To prove that $A$-favoured Kruskal's algorithm will find a satisfying MST whenever there is one is, in fact, not trivial even if we have been enlightened with or especially when we are distracted by the general techniques on how to prove greedy algorithm is correct.

Here goes my proof. Let us fix the weighted graph $G$ so that we will often be referring to $G$ implicitly. Let $R$ be a particular run of Kruskal's algorithm that produces $m$, an MST. Let $RA$ be a particular run of $A$-favoured Kruskal's algorithm that produce $ma$, another MST. ($RA$ may or may not be the same as $A$ and $ma$ may or may not be the same as $m$). Suppose $w_1\lt w_2\lt\cdots$ is the increasing sequence of all distinct edge weights. Break up the while loop of $R$ into smaller loops $R_1\lt R_2\lt\cdots$. For each $i$, $R_i$ iterates over all edges of weight $w_i$. For each such edge, $R_i$ adds it to the growing forest if it connects two different trees and ignores it otherwise. Let $F_i$ be the forest obtained at the end of $R_i$. Let $E_0=G$. For $i\gt0$, let graph $E_i$ has the same vertices as $G$ and all edges of $G$ except the edges of weights greater than $w_i$.

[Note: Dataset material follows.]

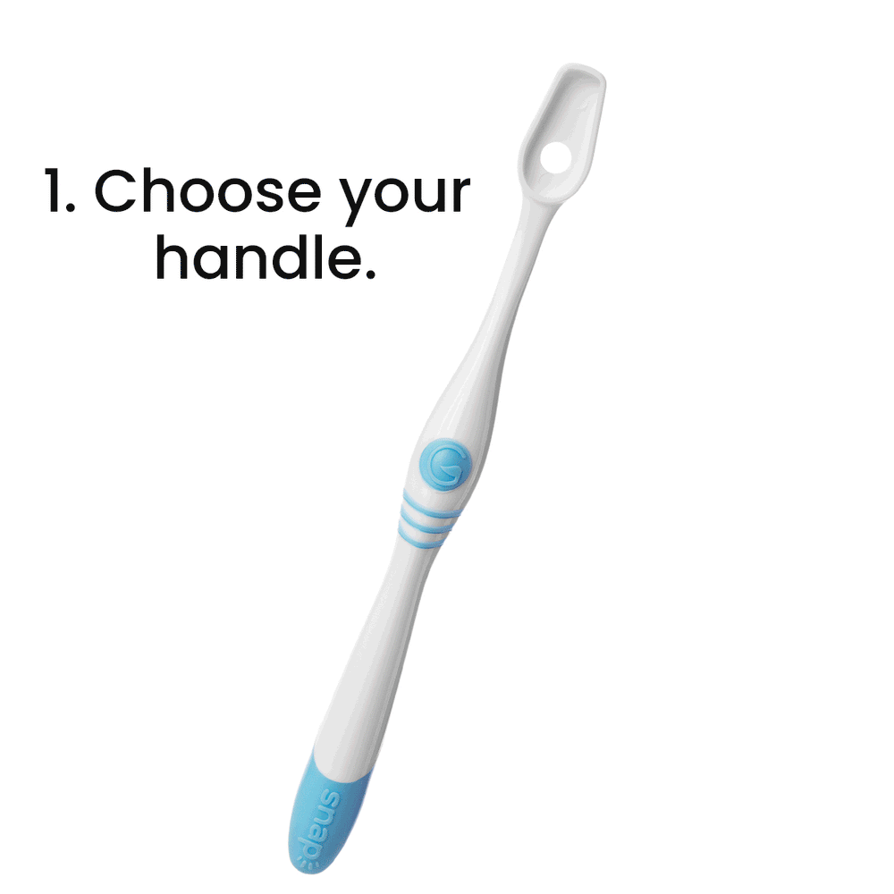 The Snap Toothbrush handle is made to be durable allowing for long-term use with break-resistant nonslip grips. This reduces the need for frequent replacements. High-grade molds ensure precision and quality. The nylon bristles perform like regular toothbrushes, and the unique snapping mechanism uses natural brushing movements to secure the brush head, ensuring it stays in place while brushing.

Using induction on $i > 0$, we can see that each connected component of $F_i$ (, which is a tree) is its corresponding connected component of $E_i$ minus some edges (the edges that were discarded because they did not connect different connected components(trees)). Let $g_i$ be the number of edges in $A$ of weight $w_i$ that are selected into $m$ during $R_i$. We can see that $g_i$ cannot bigger than $h_i$, the largest number of edges in $A$ of weight $w_i$ that can be added to $H_{i-1}$ without causing a cycle. In fact, $h_i$ is the decrease from the number of connected components in $E_{i-1}$ to the number of connected components in $E_{i-1}$ with all edges in $A$ of weight $w_i$ added. So $h_i$ depends only on $G$, $A$ and $i$. Note that $g_i$ will be $h_i$ if $R$ is actually a run of $A$-favoured Kruskal's algorithm, such as $RA$. So $$\#\{\text{edges in } A \text{ and } m\} = \sum_{i}g_i \leq \sum_{i}h_i = \#\{\text{edges in } A \text{ and } ma\}$$

Note that all MSTs can be found by Kruskal's algorithm. For a proof, you can check any MST is reachable by any MST algorithm with some minor exceptions. So we have shown that of all MSTs, $ma$ has the most edges in $A$. Since the number of edges in $ma$ is the same, $ma$ has the least edges in $B$. Proof is completed.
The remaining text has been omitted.